In our case n is the maximum number of A's, so n = 5, and the total number of A's is 5 x 6 / 2 = 15.  The reasoning behind the formula is the same:
1+2+3+4+5
+ 5+4+3+2+1
_________
= 6+6+6+6+6  =  5x6,

so each of the rows equals half of the total, or 5x6 / 2.

Exercise:  find the sum of the numbers 1 through 100 using the formula for the sum of an arithmetic series.  _______

Determining the gap length.

Indian classical music structure usually conforms to the rule

Every pattern starts and ends on the first beat of the measure.
The first thing to notice is that the pattern A has to end on a drumhit.  So A: dzddd is fine, but A: dzdzz won't work, because it ends on a rest.

In my composition, the pattern A had duration 4 and the gap length had duration 3.  So the total length of the pattern

A z3 AA z3 AAA z3 AAAA
was 4x10 + 3x3 = 49.  Notice that 49 = 48 + 1 = 4x12 + 1, so the pattern is equivalent to 4 measures plus one extra beat, which is the first note of the fifth measure.   Notice also that 49 = 1 (mod 12)!

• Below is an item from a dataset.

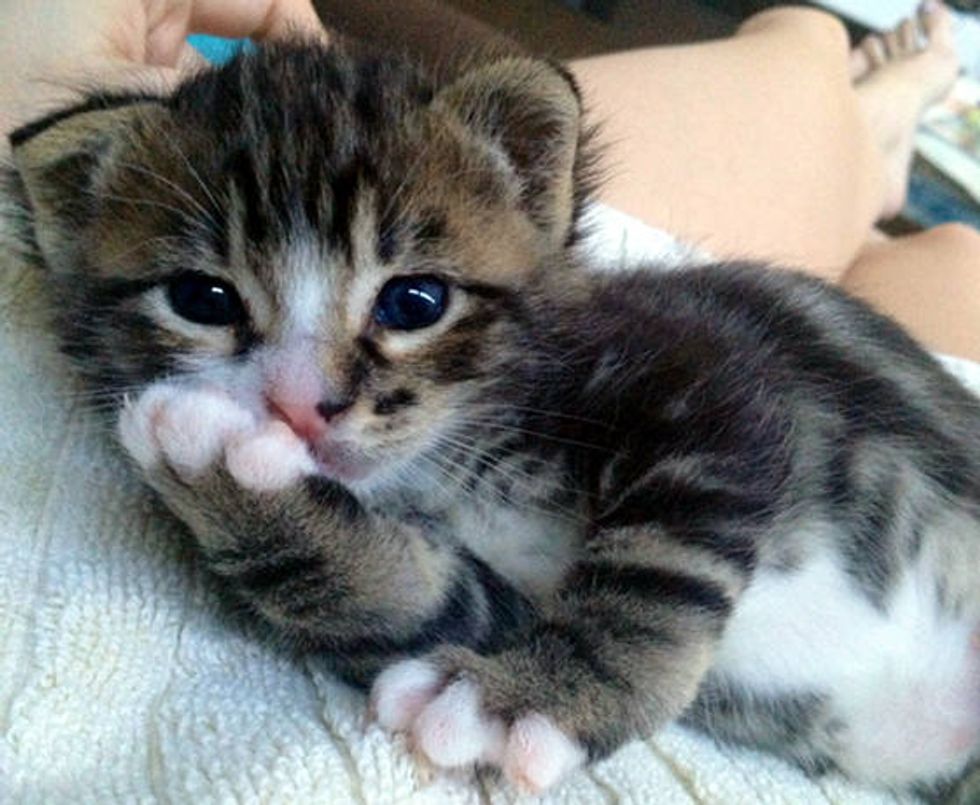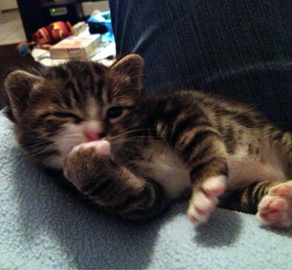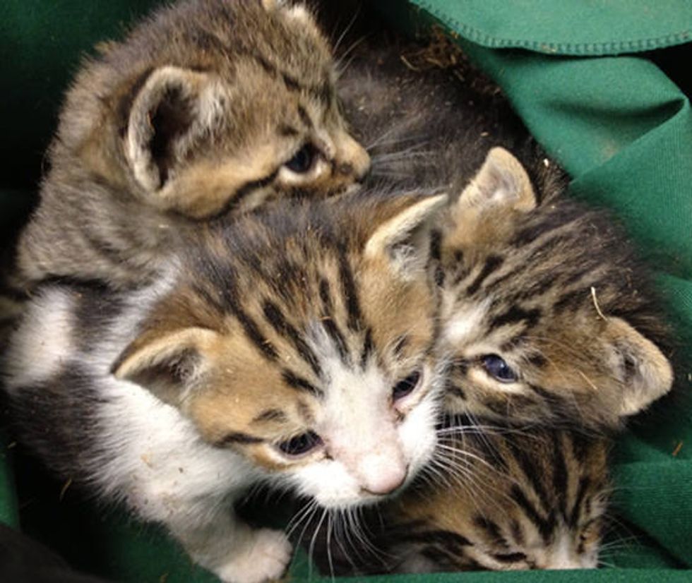 Oliver and his three siblings were rejected by their feral mother and found in a wood pile by the employees that worked there.
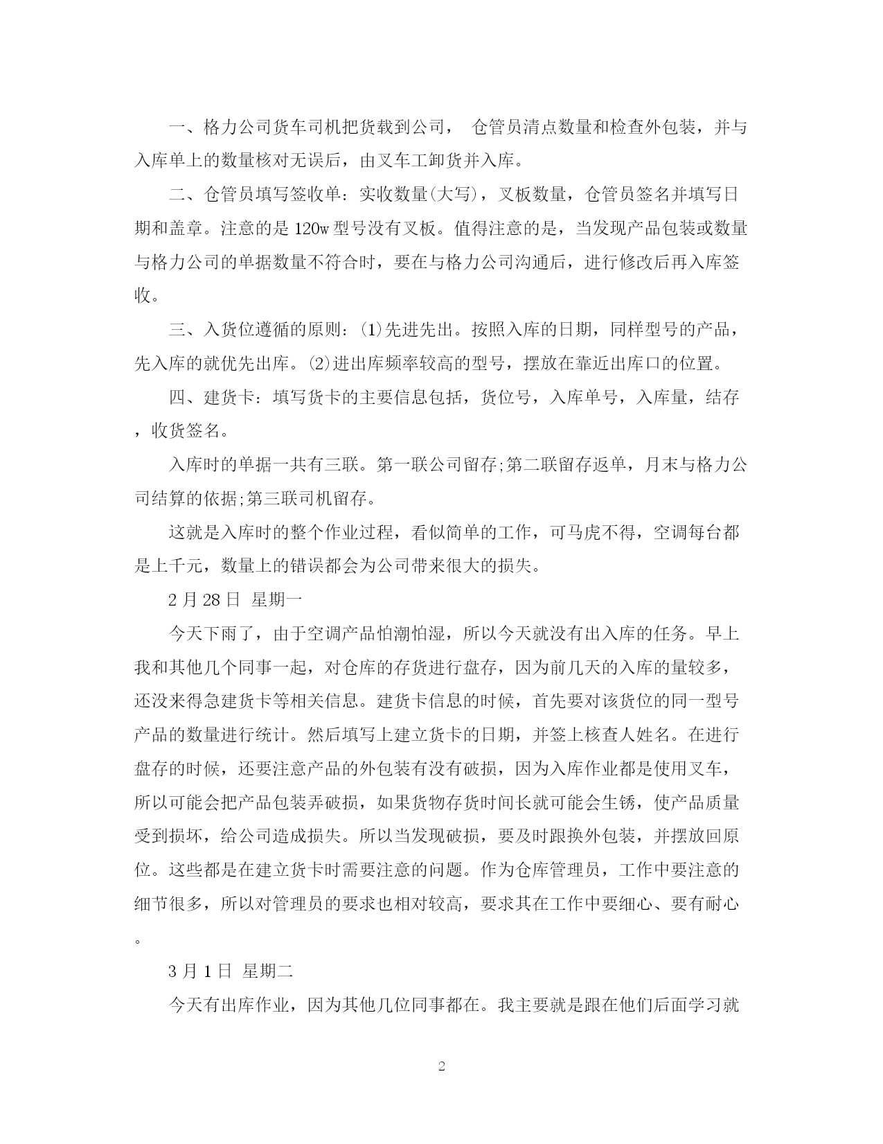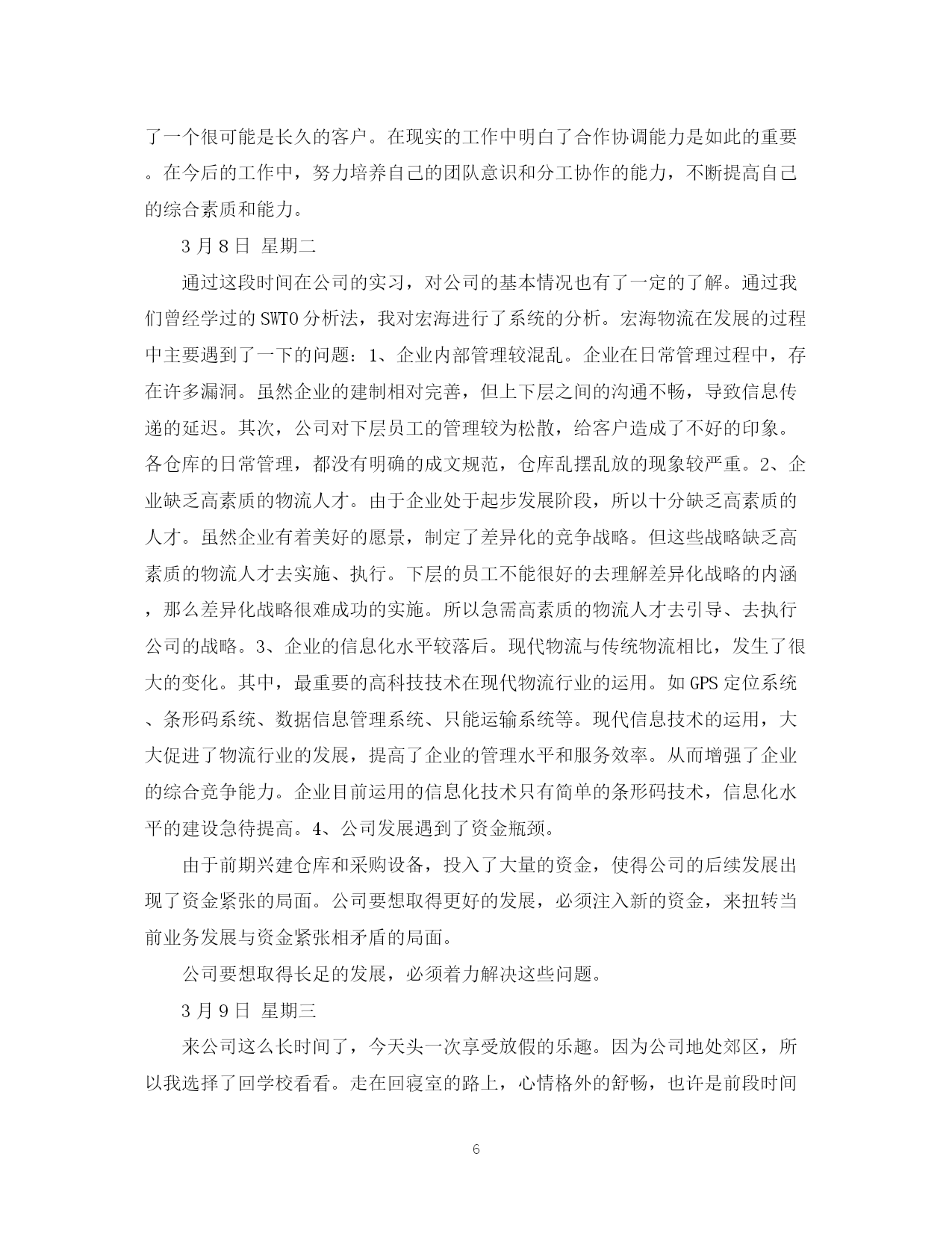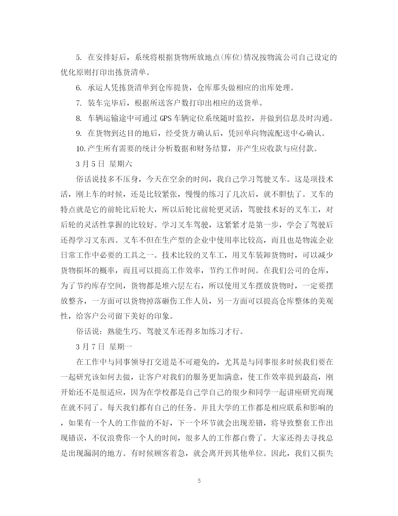 此资料由网络收集而来,如有侵权请告知上传者立即删除。资料共分享,我们负责传递知识。PAGEPAGE14物流管理专业公司实习日记2月24日星期四第一天正式上班,心里难免有些激动,因为我已经这是踏入工作岗位了,同时也有些紧张,担心自己的工作做不好。我告诉自己,没有谁在刚刚参加工作的时候,是一帆风顺的。工作中没有犯错误,说明你很优秀;工作中犯了错也不用害怕,在哪跌倒就要从哪爬起来,现在犯的错误是为了避免以后工作中出现同样类似的状况,这些都将是我们以后工作中宝贵的财富。早上起来,洗漱完我就开始打扫仓库的办公室。吃完早餐,杨总就给我介绍公司的一些具体情况,比如公司的规模,发展远景,企业文化等等。宏海物流(GrandseaLogistics)创建于2019年,同年并成立了国际货代公司。通过努力,公司已发展成以干线运输、城际配送、仓储装卸、铁路行包、航空运输、国际货代及物流方案策划为一体的综合性现代化物流企业。未来的宏海,将以客户需求为中心,完善基础管理;以技术专业化、服务差异化、平台规模化、经营精细化、共同为实现国内物流现代化、专业化并跻身于国内行列,实现宏海人“以心传递,物通天下”的承诺。企业宗旨:以客户为中心,服务于客户、满足于客户;业精神:团队合作、努力拼搏、积极创新、追求卓越;企业目标:创世界级物流品牌。虽然公司才刚刚起步,但公司对未来的定位很清晰,未来蓝图的规划很美好。只要在这样的公司里好好干,每个人都有机会去施展自己的拳脚的舞台!2月25日星期五从今天开始我就正式在宏海物流公司的格力外库实习,格力外库坐落在高新区格力工业园旁,格力外库就是作为格力的独立仓库。仓库的日常管理和出入库作业都由宏海物流公司负责,仓库的产品全部是格力的空调。今天没有出入库作业,我的主要工作内容就是尽快熟悉仓库的产品型号。2月26日星期六这两天都没什么业务,杨总让我学习下公司的入库作业的一些流程,明天再学习出库流程。入库的主要流程如下:一、格力公司货车司机把货载到公司,仓管员清点数量和检查外包装,并与入库单上的数量核对无误后,由叉车工卸货并入库。二、仓管员填写签收单:实收数量(大写),叉板数量,仓管员签名并填写日期和盖章。注意的是120w型号没有叉板。值得注意的是,当发现产品包装或数量与格力公司的单据数量不符合时,要在与格力公司沟通后,进行修改后再入库签收。三、入货位遵循的原则:(1)先进先出。按照入库的日期,同样型号的产品,先入库的就优先出库。(2)进出库频率较高的型号,摆放在靠近出库口的位置。四、建货卡:填写货卡的主要信息包括,货位号,入库单号,入库量,结存,收货签名。入库时的单据一共有三联。第一联公司留存;第二联留存返单,月末与格力公司结算的依据;第三联司机留存。这就是入库时的整个作业过程,看似简单的工作,可马虎不得,空调每台都是上千元,数量上的错误都会为公司带来很大的损失。2月28日星期一今天下雨了,由于空调产品怕潮怕湿,所以今天就没有出入库的任务。早上我和其他几个同事一起,对仓库的存货进行盘存,因为前几天的入库的量较多,还没来得急建货卡等相关信息。建货卡信息的时候,首先要对该货位的同一型号产品的数量进行统计。然后填写上建立货卡的日期,并签上核查人姓名。在进行盘存的时候,还要注意产品的外包装有没有破损,因为入库作业都是使用叉车,所以可能会把产品包装弄破损,如果货物存货时间长就可能会生锈,使产品质量受到损坏,给公司造成损失。所以当发现破损,要及时跟换外包装,并摆放回原位。这些都是在建立货卡时需要注意的问题。作为仓库管理员,工作中要注意的细节很多,所以对管理员的要求也相对较高,要求其在工作中要细心、要有耐心。3月1日星期二今天有出库作业,因为其他几位同事都在。我主要就是跟在他们后面学习就可以了。出库的主要流程就是:1.司机带着提货单来仓管员处提货,仓管员首先要看提货单上的发货仓库是不是本仓库,核对车牌号码。2.叉车工将产品装到仓库外,管理员扫码后人工装车。需要注意的地方:(1)对每托盘扫码结束后,要看看扫码器上的数字是否正确,防止漏扫。(2)装车的时候,先装外机后装内机,如果有柜机,先装柜机。3.签单:签收的数量、签收人、发货日期、盖章。其中第一联要求司机签字,第三联给装卸队。第一、四联仓库留存。4.每次发货结束后,要对仓库的库存情况要盘点,并修改货卡上的数据。值得注意的就是,扫码的人员一定要细心,不能漏扫。漏扫了就会给公司的服务质量带来损失。所以工作人员在工作的同时,也在对外展示公司的服务态度和服务质量。3月2日星期三早上吃完早饭,就有车来提货。在做好准备工作后,我们就开始出货。今天主要我来办理相关的手续及扫码工作,心里难免有点紧张,不过有同事在我旁边指导,心里放松了许多。提货单

In order to make this work in general for the arithmetic series  A zg AA zg AAA zg AAAA, we need to determine the gap length, g.  First, write down the number of beats in your time signature ____, which I'll call m.  My composition had 12 beats per measure, so m=12.  Then write down the duration of your pattern A _______, which I'll call a.  The gap g must be chosen so that the total duration of the arithmetic series is some number of measures plus one more beat.  That is

10a + 3g = 1  (mod m).   This is an arithmetic series gap formula.
For example, if my pattern A has duration a=5 and my time signature is m=7 beats per measure, then I look for solutions to the equation
10x5 + 3g = 1 (mod 7)
50   + 3g = 1 (mod 7)
1    + 3g = 1 (mod 7)  because 50 = 1 (mod 7)
Now I look for value of g that make the equation true.  There are either going to be multiple solutions or no solution.  In this case, g=7 works, but g=14 would also work (in fact, g can be any number divisible by 7).  If your equation has no solution, then you will have to change your pattern A so it has a different duration, or use a different arithmetic series (for example A zg AA zg AAA zg AAAA zg AAAAA).  Note that if you use a different maximum number of A's, the formula will change--in this case, to
15a + 4g = 1 (mod m)
Exercise.  Solve the equation 10a + 3g = 1  (mod m) using your values for a and m.